FINANZWIRTSCHAFTLICHE RISIKEN: AKTIVES LIQUIDITÄTS- UND FORDERUNGSMANAGEMENT BETREIBEN

Hierunter versteht STRABAG Risiken im Finanz- und Rechnungswesen einschließlich von Manipulationsvorgängen. Besonderes Augenmerk gilt dabei dem
Liquiditäts- und Forderungsmanagement, das durch laufende Finanzplanung und tägliche Statusberichte gesichert wird. Die Einhaltung der internen kaufmännischen Richtlinien wird durch die zentralen Fachbereiche Rechnungswesen und Controlling sichergestellt, die ferner das interne Berichtswesen und den periodischen Planungsprozess verantworten. Risiken aus eventuellen Manipulationsvorgängen (Vorteilnahme, Betrug, Täuschung und sonstige Gesetzesverstöße) werden von den zentralen Bereichen im Allgemeinen und der Internen Revision im Besonderen verfolgt.

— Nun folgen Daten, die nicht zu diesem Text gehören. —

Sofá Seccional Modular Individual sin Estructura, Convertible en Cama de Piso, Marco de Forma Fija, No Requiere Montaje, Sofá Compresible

STRABAG unterliegt hinsichtlich ihrer Vermögenswerte, Verbindlichkeiten und geplanten Transaktionen Zins-, Währungsänderungs-, Kredit- und Liquiditätsrisiken. Ziel des finanziellen Risikomanagements ist es, diese Risiken durch laufende finanzorientierte Aktivitäten zu begrenzen. Die Grundzüge der Finanzpolitik werden durch den Konzernvorstand festgelegt und vom Aufsichtsrat überwacht. Die Umsetzung dieser Finanzpolitik sowie das laufende Risikomanagement obliegen dem Konzern-Treasury. Detaillierte Angaben dazu sind im Konzernanhang unter Punkt 26 Finanzinstrumente angeführt.

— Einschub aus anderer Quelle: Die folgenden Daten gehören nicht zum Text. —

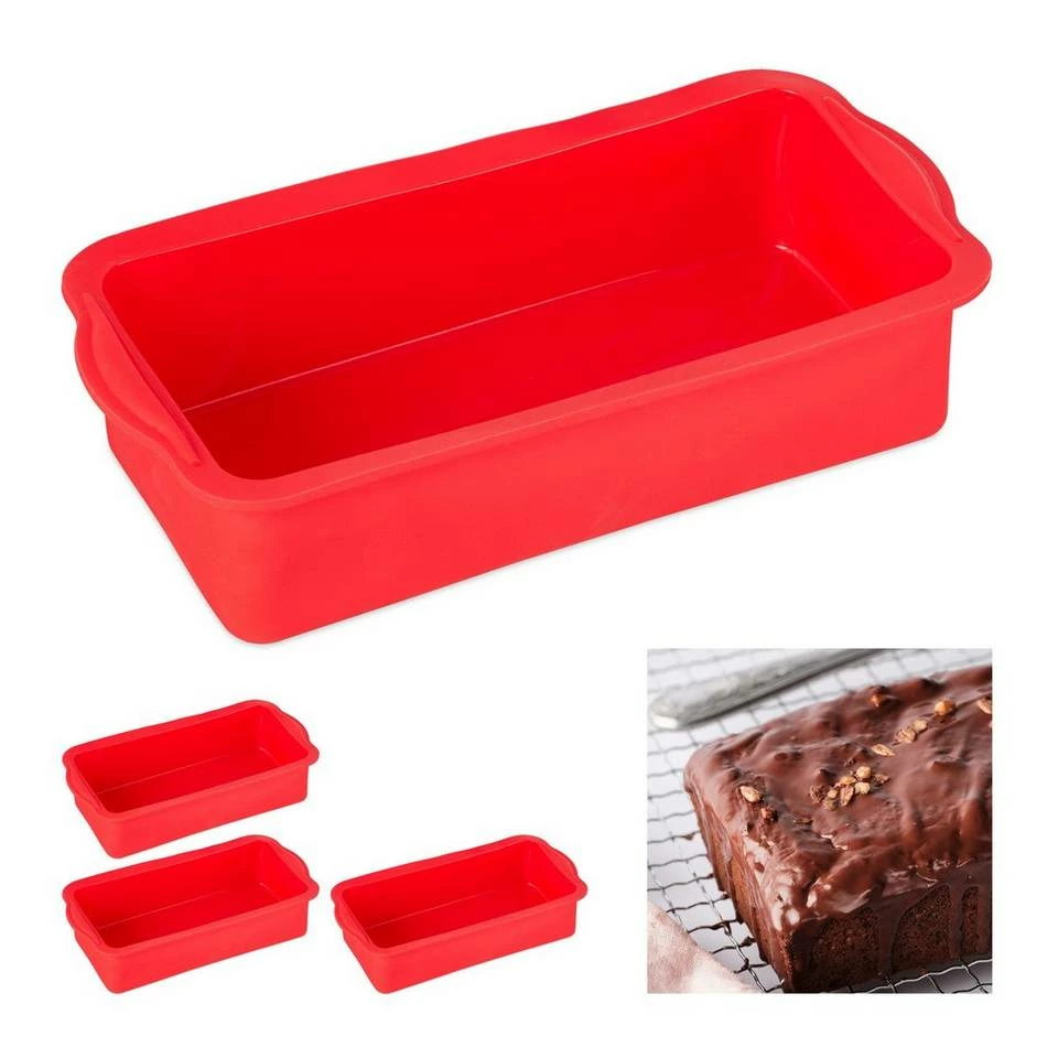 Robuste Kastenkuchenform aus flexiblem Silikon im 4er Set Zeigen Sie, was Sie back-technisch auf dem Kasten haben und überraschen Sie Freunde und Familie mit duftendem Kuchen. Aber auch zum Brotbacken ist die klassische eckige Königskuchenform geeignet. Die robuste Backform kann sowohl im Ofen, als auch in der Mikrowelle und im Gefrierfach zum Einsatz kommen. Trotz ihrer Flexibilität hält die Kuchenform den Teig in Form und sorgt für gleichmäßige Backergebnisse. Dank der Antihaft Funktion lösen Sie den fertigen Kuchen einfach aus der Kastenform. Verwendungshinweise: Die Form nicht einfetten, vor der Verwendung einfach mit kühlem Wasser ausspülen. Backgut in der Form auskühlen lassen, bevor Sie es herauslösen. Kuchen nicht in der Form schneiden.

ETHISCHEN RISIKEN WIRD MIT ETHIK-BUSINESS COMPLIANCE-SYSTEM BEGEGNET

Da Korruption ein Risiko in der Bauwirtschaft darstellt, wurden bei STRABAG bewährte Instrumente zu ihrer Bekämpfung implementiert. Die Regeln in Bezug auf korrektes Verhalten im Geschäftsalltag werden über das Ethik-Business Compliance- System transportiert. Diese haben konzernweite Gültigkeit. Das Business Compliance- Modell von STRABAG stützt sich auf den „Code of Conduct“, den „Leitfaden Business Compliance“, den „Leitfaden Business Compliance für Geschäftspartnerinnen und Geschäftspartner“ und auf die personelle Struktur des STRABAG-Business Compliance-Modells, bestehend aus dem Konzern-Business Compliance-Koordinator, den regionalen Business Compliance- Beauftragten, den internen Ombudsleuten und dem externen Ombudsmann. Details zu den ethischen Risiken sind im Konsolidierten Nichtfinanziellen Bericht nach § 267a UGB zu finden.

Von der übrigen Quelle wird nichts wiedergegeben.